Plusieurs députés du groupe UMP – Très bien !

M. Michel Vaxès – Cela implique une information complète et précise de toutes les familles ; une véritable politique de recrutement d’enseignants de la maternelle à l’Université ; le développement des filières bilingues à parité horaire et de l’enseignement par immersion dans l’Éducation nationale comme dans le secteur associatif pour les familles qui le souhaiteraient ; une valorisation au niveau des examens et concours par l’ouverture d’épreuves bénéficiant de coefficients incitatifs ; une vraie place pour les langues régionales dans l’enseignement supérieur et les grands organismes de recherche ; un développement de l’enseignement pour adultes, qui correspond à une demande et peut fournir des compétences professionnellement utiles. Enfin, une information minimale sur l’existence des langues et cultures régionales doit être offerte sur l’ensemble du territoire et intégrée dès le socle commun aux programmes de l’Éducation nationale.
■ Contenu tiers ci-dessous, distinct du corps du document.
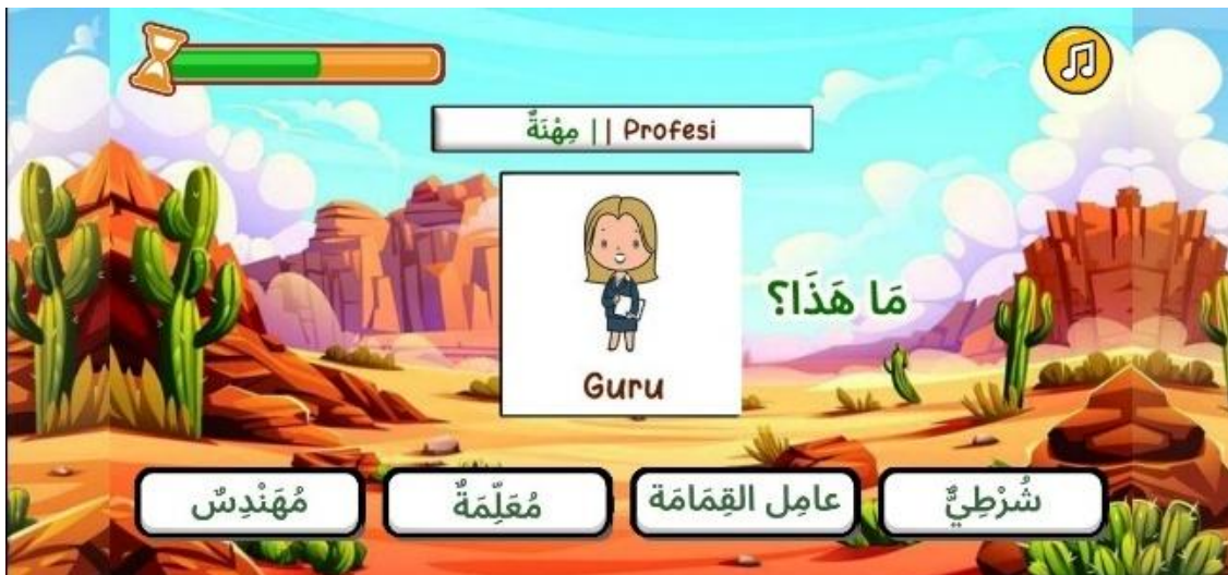
Gambar 7. Tampilan Kuis Membaca

Si certains cahiers des charges de radios ou télévisions publiques prévoient – vous l’avez rappelé Madame la ministre – la prise en compte des cultures régionales, dans la réalité, celles-ci sont souvent cantonnées à la seule dimension folklorique. Les grands réseaux nationaux – et pas seulement France 3 – doivent mettre plus de moyens et d’horaires à la disposition des producteurs d’émissions en langues régionales. La création de chaînes de télévision publiques propres aux diverses langues régionales répondrait à la revendication commune des associations les plus représentatives de chacune de ces langues. Au moment ou les radios associatives émettant en langue régionale risquent de voir leur financement asséché par la fin annoncée de la publicité – dont une partie des recettes leur était destinée – il convient que des financements publics nouveaux leur soient alloués. La création en langue régionale doit être soutenue par une aide accrue du ministère de la culture, en partenariat avec les collectivités locales, afin de favoriser le contact et l’échange entre les créations et les grands lieux d’affichage culturel que sont par exemple les diverses manifestations nationales et régionales. Cette ouverture serait le meilleur moyen de lutter contre la ghettoïsation de ces langues et des cultures dont elles sont porteuses.

La mise en place d’une politique ambitieuse permettant à la nation de reconnaître la diversité de ses pratiques linguistiques doit s’accompagner de la création d’instances de contrôle indépendantes chargées de faire respecter la loi, de suivre l’évolution de sa mise en œuvre et d’évaluer les effets des mesures prises. Ses observations devraient faire l’objet d’un rapport annuel devant la représentation nationale.

La cohésion sociale, garante de l’unité républicaine, suppose que notre République accueille enfin la diversité comme une richesse à partager entre tous. L’année 2008 est « l’année internationales des langues », dit l’Unesco ; profitons-en pour prolonger ce débat par l’élaboration d’une loi sans laquelle nos échanges d’aujourd’hui ne seraient que bavardages stériles. Une loi qui donne enfin aux langues de France leur vraie place dans la nation. Voilà ce que nous réclamons ! Et j’invite ceux qui ne seraient pas encore convaincus à méditer cet extrait d’un discours sur le colonialisme prononcé le 26 février 1986 par Aimé Césaire aux États-Unis : « La négritude a été une révolte contre ce que j’appellerai le réductionnisme européen. Je veux parler de ce système de pensée ou plutôt de l’instinctive tendance d’une civilisation éminente et prestigieuse à abuser de son prestige même, pour faire le vide autour d’elle en ramenant abusivement la notion d’universel, chère à Léopold Sédar Senghor, à ses propres dimensions…

M. le Président – Il faut conclure.

M. Michel Vaxès – … autrement dit à penser l’universel à partir de ses seuls postulats et à travers ses catégories propres. On voit les conséquences que cela entraîne. Couper l’homme de lui-même, couper l’homme de ses racines, couper l’homme de l’univers, couper l’homme de l’humain et l’isoler en définitive dans un orgueil suicidaire sinon dans une forme rationnelle et scientifique de la barbarie ». Je voulais rendre cet ultime hommage à Aimé Césaire (Applaudissements sur presque tous les bancs).